I once had a conversation with someone about doing business on eBay.  They told me that at one point in the past they were shipping 1,000+ orders every month. I was curious how they were so successful, and why they decided to stop.

They were selling Monster Brand AV cables.  These cables sell for big bucks, and have a respected name in the industry.  He said they were doing such a tidy business because their prices were half of the retail price.

“But how did you get them so cheap? Doesn’t Monster regulate their dealers and pricing pretty closely?” I asked.

“Yes, but these were fake Monster Cables from China”.

Without even asking, my second question of why he stopped was immediately answered. He confirmed my suspicions.  Customers complained, eBay investigated and shut them down. Frankly they were lucky to avoid criminal charges. Overnight the money left in their PayPal account was seized, and their entire sales channel and business were gone.

The lesson is simple: If you are interested in creating a long-term, sustainable business, you will not do it with counterfeit goods.  It’s only a matter of time before it blows up.

Sometimes even when you tell people they aren’t genuine…

Even genuine goods can be banned, depending on the technology used.  I once purchased a lot of charging cables that were compatible to the Apple Lightning charging cable. The cables were not made by Apple, and were certainly inferior to Apple branded cables.  But I was able to sell them for about $3/each.  I stated on the listing clearly that these were not Apple brand.  Several times.  I had no desire to deceive people.

Well it turns out, I made the mistake of using Apple, iPhone, and Lightning in my listing.  Within a few days (before any actual sales) Apple complained, and eBay pulled the listing and gave me a stern warning.  Because I had used their Trademarked name, I was in violation.

The Brand conundrum

Selling genuine, name brand goods is very appealing. You get much better search presence since people are looking for your specific product (Eddie Bauer Cargo pants) vs a generic term (pants). And it is with good reason.  These companies have spent gobs of money in order to establish their brand, and create brand value and recognition in the user’s mind. Its a valuable thing that brands are wise to protect. Most large brands are not interested in selling wholesale to an online based upstart company. So how do you do business in brand-driven marketplaces?

1. Liquidation – By buying genuine goods (Shelf Pulls, Overstocks, 2nds, Customer Returns, etc) you have every right to market your products using the brand name. That is what they are, afterall. So long as you label them in the correct condition (used, salvage, open box, etc) there will be no problem on the marketplace sites.

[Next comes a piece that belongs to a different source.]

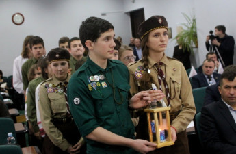 Волинські пластуни, які на кордоні з Республікою Польща отримали лампадку з благодатним вогнем з Вифлеєму, прийшли на сесію міської ради
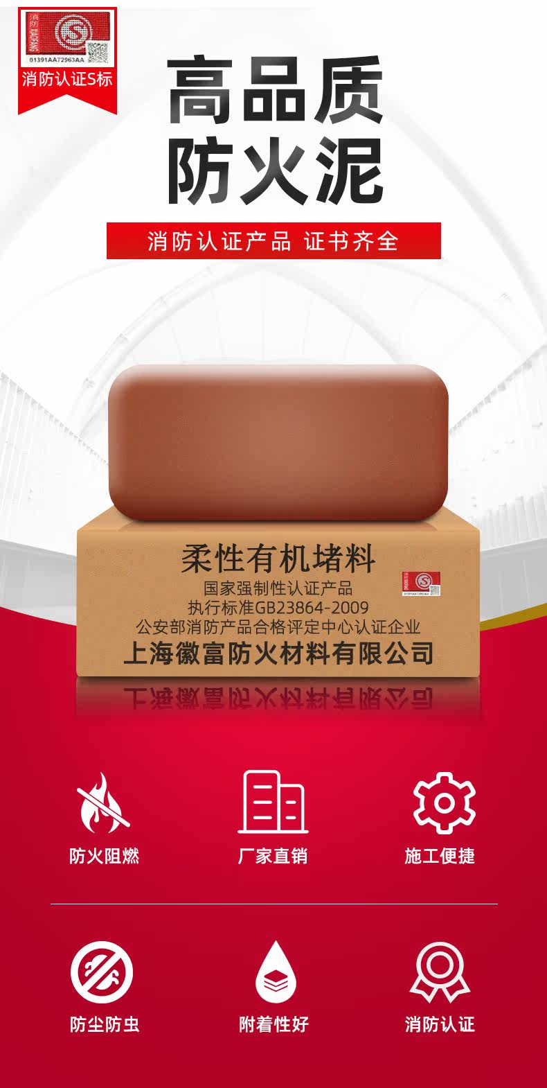 Шанхай Хуифу Огненная грязь/национальная стандартная органическая огневая блокировка/гибкая сертификация пожаротушения на экологически чистке органической блокировки.

2. Find A Willing Brand – In every market, there is a level of cottage industry.  Finding a Mom and Pop shop that has the respect of the market but lacks the marketing and retailing knowledge or ambition may be the way to go. Sure, Jim’s Shoes may not be as popular as Nike, but maybe they are among Lacrosse players.* And they may welcome the extra sales volume they get by supplying you goods at wholesale prices.

3. Your Brand Here – As mentioned, establishing your own brand can be a complicated, time consuming, expensive process. But certain niche markets are devoid of a brand leader.  If you find a market that is underserved by a respectable brand, get some product and YOU be that brand. It’s a slower start, but more valuable and rewarding in the long run.

Get Choosey

When you have the opportunity to buy goods, keep these cautions in mind. Make sure you can sell your product without using a brand or trademark you don’t have access to. If it will blend into a world full of generic products or get you in legal hot water, move on to the next product.

*As far as I know I made up Jim’s Shoes and its affiliation with Lacrosse.